As global fuel prices rose, thanks to the fuel taxation policy in India, best described as demented, which makes ATF about 70% costlier than global standards, the impact on airlines was even more severe.
The airlines began to bleed profusely. Unable to sustain, airlines have been raising their prices over the last year, in some non-metro routes, by over 100%. The price sensitive Indian market, particularly in Tier II cities began to slow down.
In parallel, along came the economic slowdown. Demand slowed, and passengers across the board began tightening their belts. The bottom fell out of the market, as passengers shifted from the skies back to rail and bus. At the same time, new airports at Hyderabad and Bangalore were commissioned in the first half of 2008, these airports are far away from the city, and the long and costly commute, along with the rising air fares, totally erased demand in the regional routes, the demand-strength on which LCCs had based their massive expansion plans.

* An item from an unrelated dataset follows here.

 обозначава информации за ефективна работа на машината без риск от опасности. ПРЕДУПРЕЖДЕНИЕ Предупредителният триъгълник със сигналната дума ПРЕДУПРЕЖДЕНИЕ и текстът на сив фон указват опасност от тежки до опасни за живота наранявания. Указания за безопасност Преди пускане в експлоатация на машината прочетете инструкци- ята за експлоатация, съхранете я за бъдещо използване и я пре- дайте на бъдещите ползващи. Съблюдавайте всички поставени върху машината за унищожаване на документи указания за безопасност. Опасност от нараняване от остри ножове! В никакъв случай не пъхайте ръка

Domestic traffic has contracted over the last four months, declining by as much as 19% in Sep-08. Growth has fallen from 33%+ to over -20% within the span of just six months.
In desperation, airlines have been resorting to steps, hitherto unthinkable, to stop their bleeding and cash burn.

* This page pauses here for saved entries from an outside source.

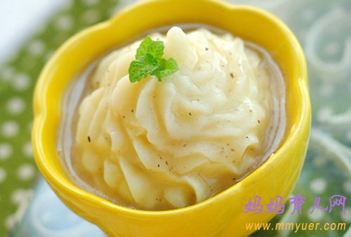·取鸡汤2勺,加入少许盐,稍煮,浇到土豆泥中即可。
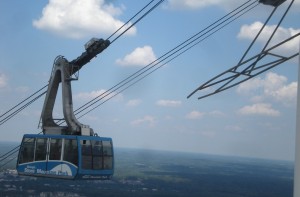 With the gondola shuttling people from the ground to the top of the stone. For what, I’m not sure. I’ve ridden the tram in Portland just to say I rode it, and to see the views on the way to Oregon Health Sciences University. Maybe it’s kind of like that. I’m not sure. Or like riding a ski-lift to the top, in order to see the view. And I have to say that the views from the top were spectacular. It was as though I was looking down on the city from a meteor. It’s possible that I was.
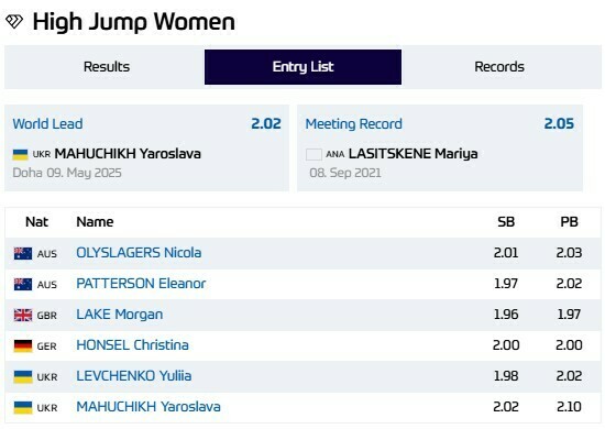 Стрибки у висоту. Жінки. Стартовий лист

To bolster yields per flight, airlines have cut capacity by 17% in the six months Apr to Sep 2008, and the further increase in prices have had even more impact on demand. Jet and Kingfisher entered in to an alliance, which left the jaws of most Indians agape on the floor, given the severe competition between them. Staff, including precious flight crew, started getting the axe. CEOs of three airlines are no longer there. Despite a 20%+ reduction in fuel prices (thanks to taxation cuts and falling crude prices), no fare reductions are being passed on to the passenger. The massive fleet expansions have been put on hold. Aircraft deliveries are being delayed. Aircraft already produced are being sold off to other global airlines. Aircraft in the fleet are being returned back. Disagreements have commenced, and litigation will ensue, but the airlines have no choice. Their backs are against the wall.
The reduction in fuel prices will provide short term relief, but the outstanding fuel bills of the airlines are gigantic. Capacity reduction will have its impact only if properly rationalised with demand.
While, domestic demand crashed through the floor, the one bright spot was international traffic growth, which has remained consistently robust at 10% year-on-year for the first half of FY 2008-09. However, as the global economic slowdown has started taking its toll on international travel, many carriers, such as Singapore Airlines, Finnair, Austrian, British Airways, and KLM have announced capacity cuts and withdrawal of service. At the same time, with the Middle East being a robust market, Gulf carriers continue to grow. Emirates has become the largest foreign carrier in India and will aggressively expand from 132 to 163 weekly services over the next six months.
I am reminded of the Chinese saying “may you live in interesting times”. The rest of 2008 and whole of 2009 is going to be very interesting indeed. The medium term growth for the Indian airline industry is bright, but only for those who survive.